● **Supplied information**
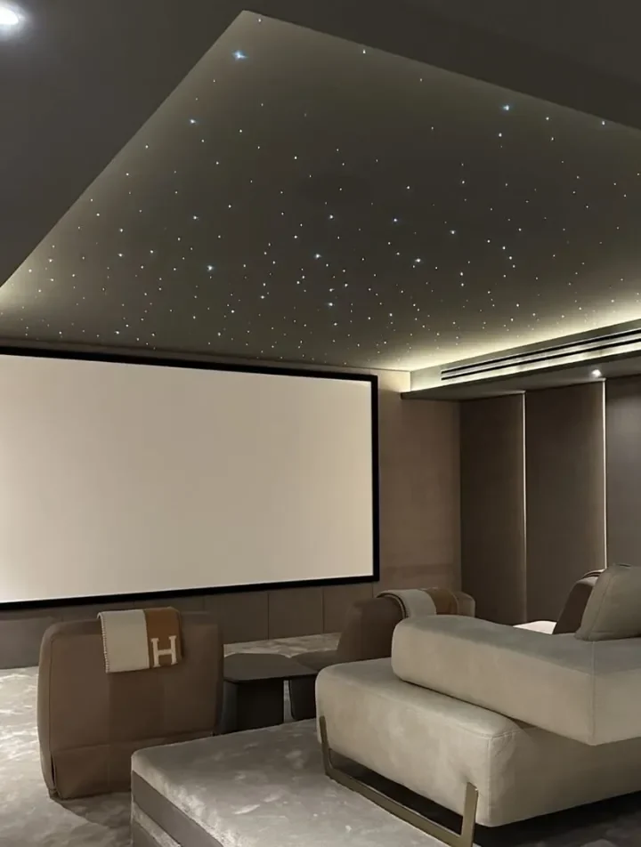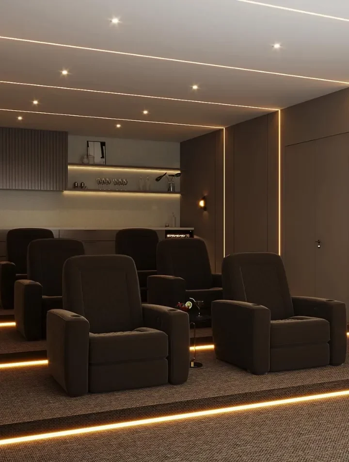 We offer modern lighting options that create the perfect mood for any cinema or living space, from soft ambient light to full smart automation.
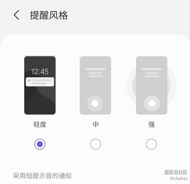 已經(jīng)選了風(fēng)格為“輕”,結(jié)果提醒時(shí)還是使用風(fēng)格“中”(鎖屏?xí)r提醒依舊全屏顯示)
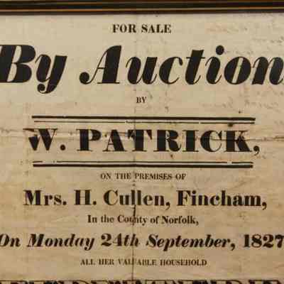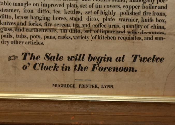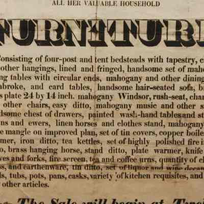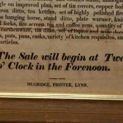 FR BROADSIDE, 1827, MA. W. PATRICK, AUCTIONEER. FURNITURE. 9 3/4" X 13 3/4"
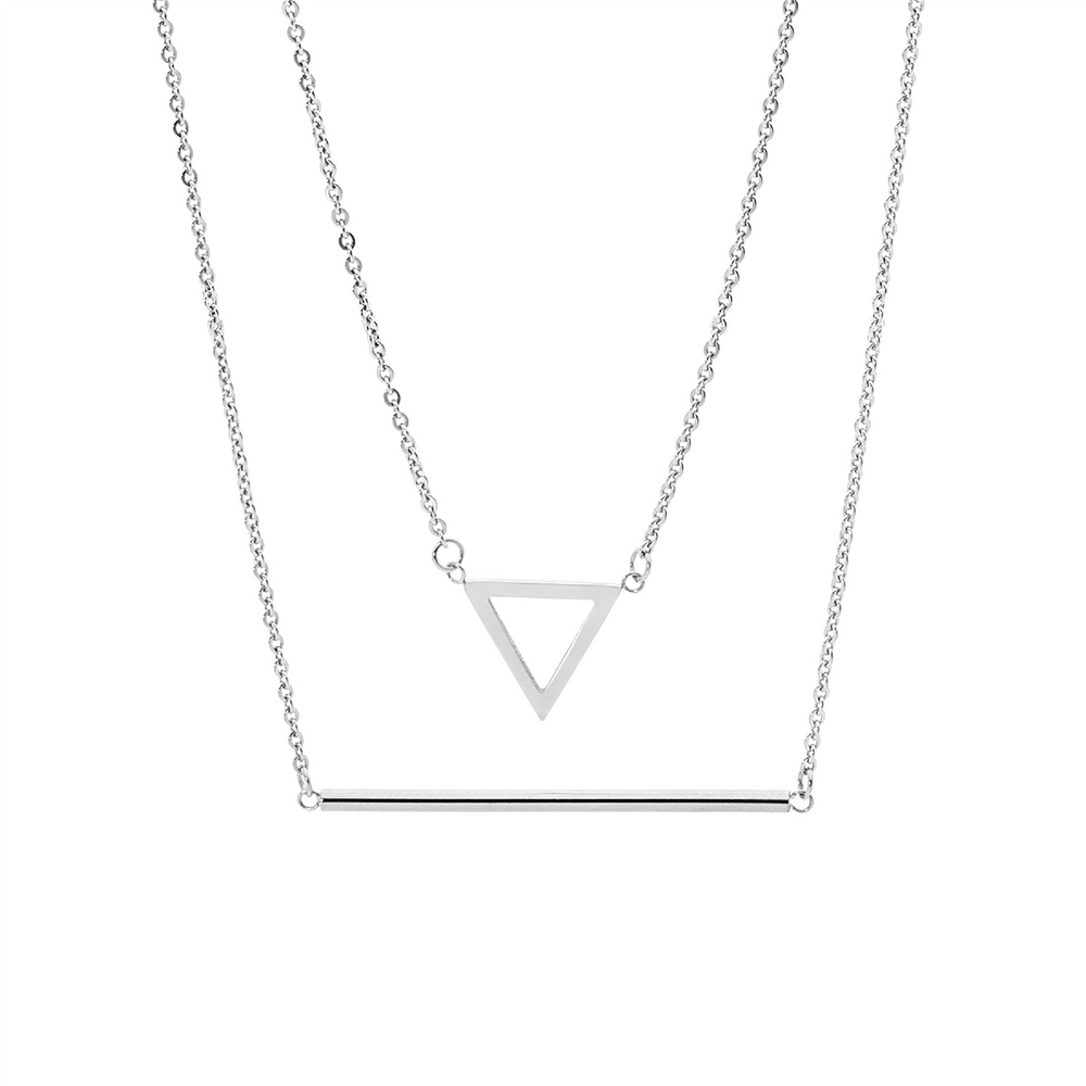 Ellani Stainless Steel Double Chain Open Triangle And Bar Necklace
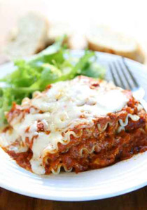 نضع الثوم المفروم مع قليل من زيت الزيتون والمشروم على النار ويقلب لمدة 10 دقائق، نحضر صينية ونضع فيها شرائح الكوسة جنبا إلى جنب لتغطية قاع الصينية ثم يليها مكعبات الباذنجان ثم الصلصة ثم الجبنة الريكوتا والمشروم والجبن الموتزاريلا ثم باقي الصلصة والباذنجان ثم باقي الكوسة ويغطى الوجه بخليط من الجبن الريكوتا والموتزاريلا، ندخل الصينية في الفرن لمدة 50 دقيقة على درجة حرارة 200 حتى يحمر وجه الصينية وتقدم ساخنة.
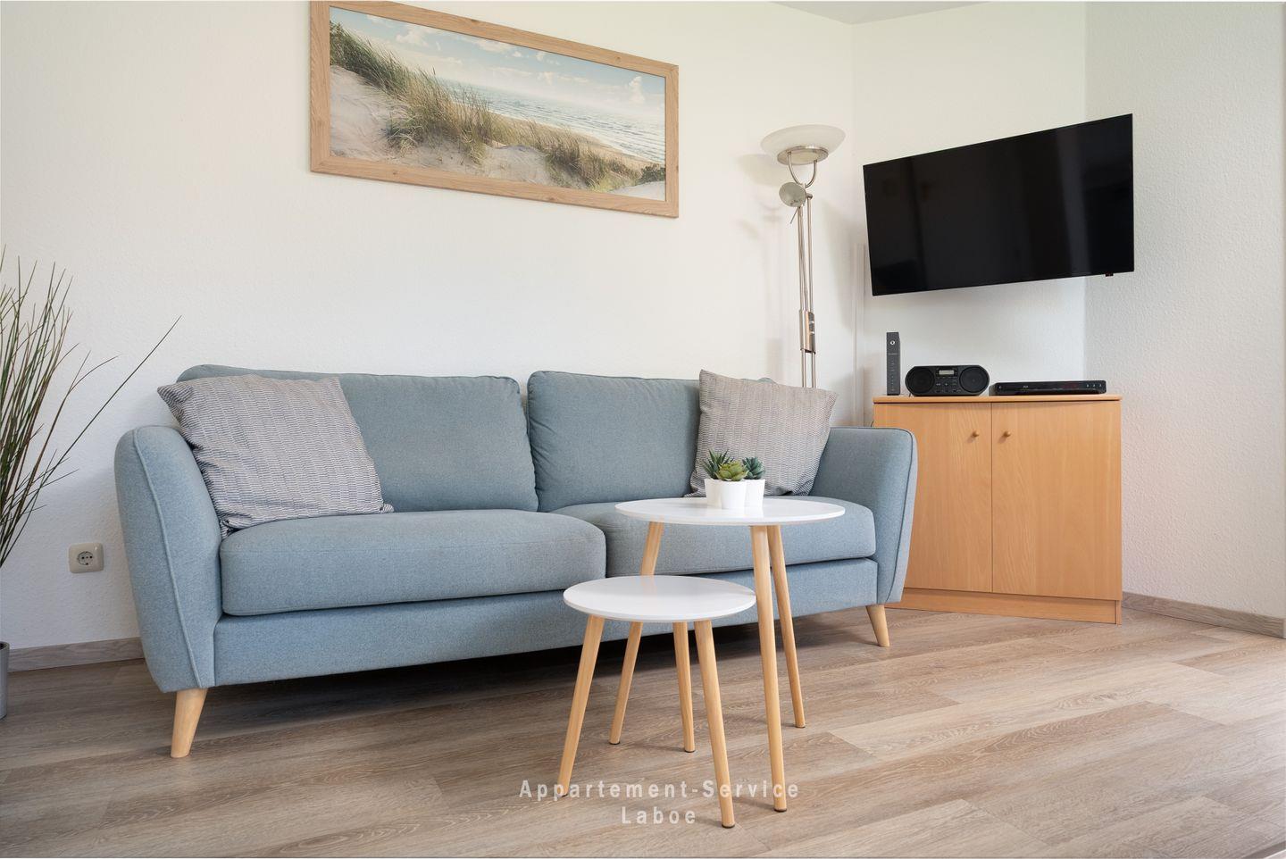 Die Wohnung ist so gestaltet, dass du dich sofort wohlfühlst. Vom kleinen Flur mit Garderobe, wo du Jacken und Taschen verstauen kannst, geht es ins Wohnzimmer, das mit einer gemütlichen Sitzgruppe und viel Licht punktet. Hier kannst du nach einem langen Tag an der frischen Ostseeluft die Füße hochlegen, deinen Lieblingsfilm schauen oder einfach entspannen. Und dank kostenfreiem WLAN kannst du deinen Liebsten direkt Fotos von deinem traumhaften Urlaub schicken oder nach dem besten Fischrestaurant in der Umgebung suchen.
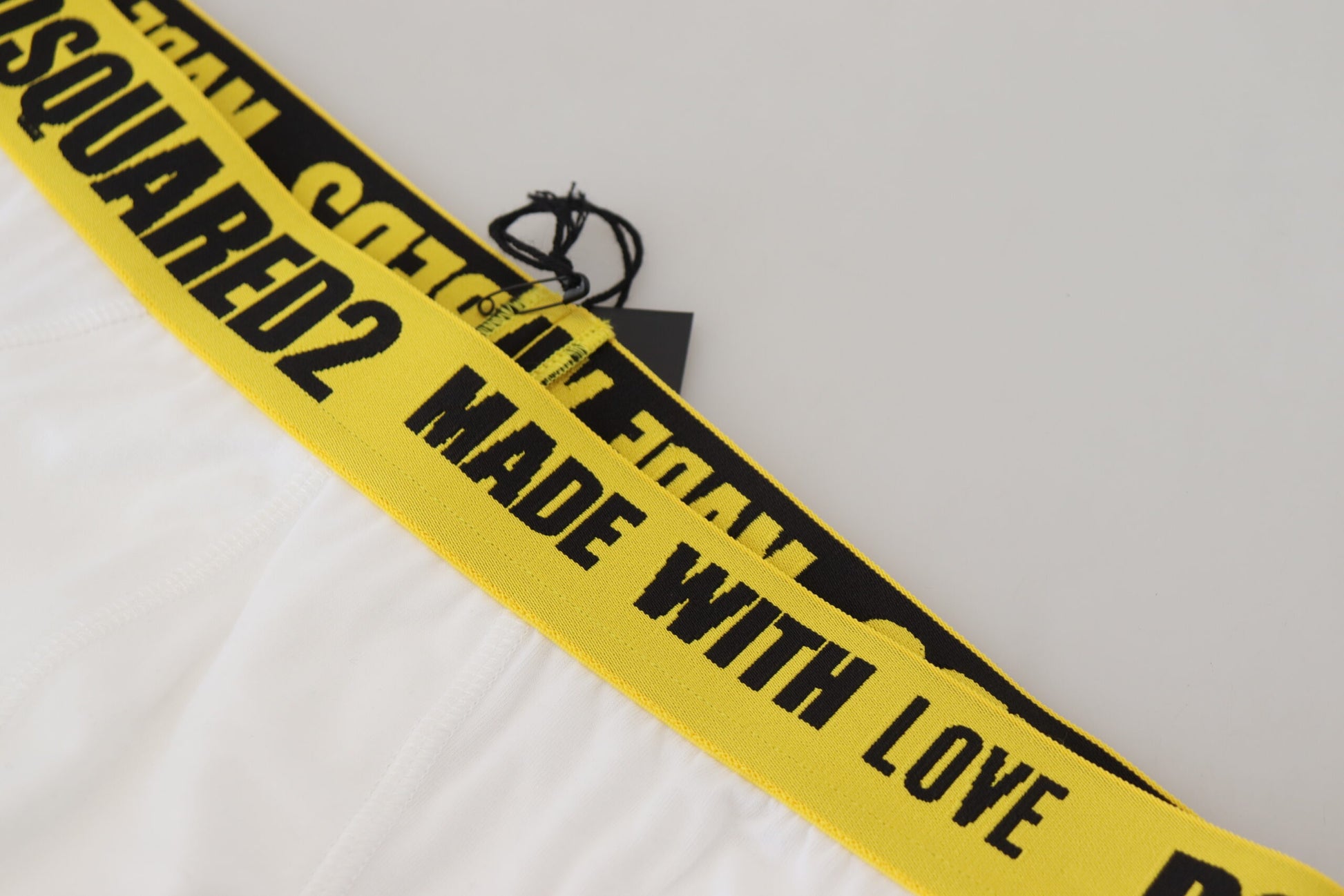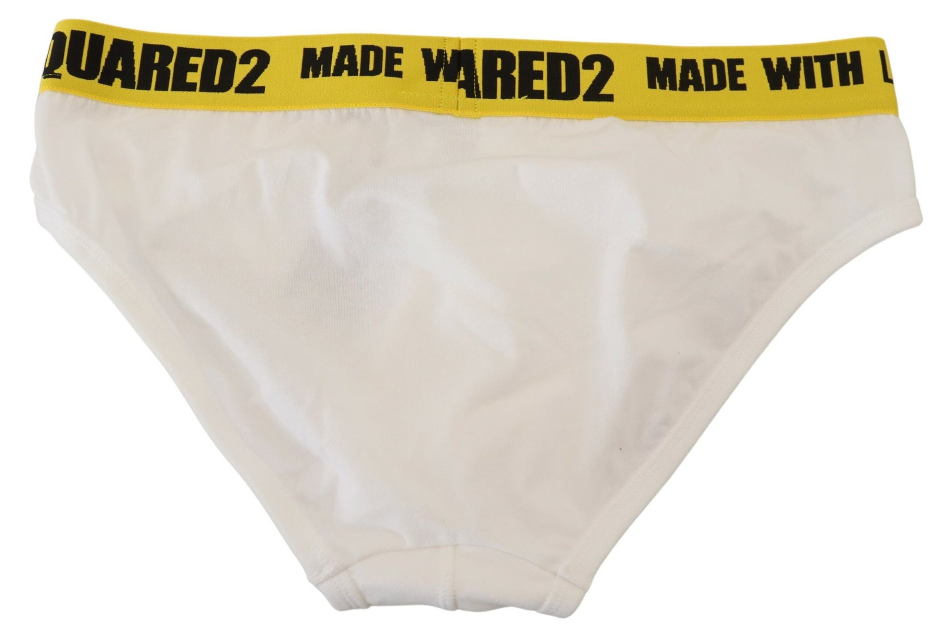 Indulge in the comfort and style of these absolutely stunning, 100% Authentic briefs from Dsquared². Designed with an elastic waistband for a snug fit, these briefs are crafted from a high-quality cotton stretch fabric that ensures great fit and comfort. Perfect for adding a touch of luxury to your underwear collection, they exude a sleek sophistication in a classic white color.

● **Assignment**
Write out an exact copy of the listing, first line through the line containing "Ellani Stainless Steel", with the pictures left out.

● **Output below**
 We offer modern lighting options that create the perfect mood for any cinema or living space, from soft ambient light to full smart automation.
 已經(jīng)選了風(fēng)格為“輕”,結(jié)果提醒時(shí)還是使用風(fēng)格“中”(鎖屏?xí)r提醒依舊全屏顯示)
 FR BROADSIDE, 1827, MA. W. PATRICK, AUCTIONEER. FURNITURE. 9 3/4" X 13 3/4"
 Ellani Stainless Steel Double Chain Open Triangle And Bar Necklace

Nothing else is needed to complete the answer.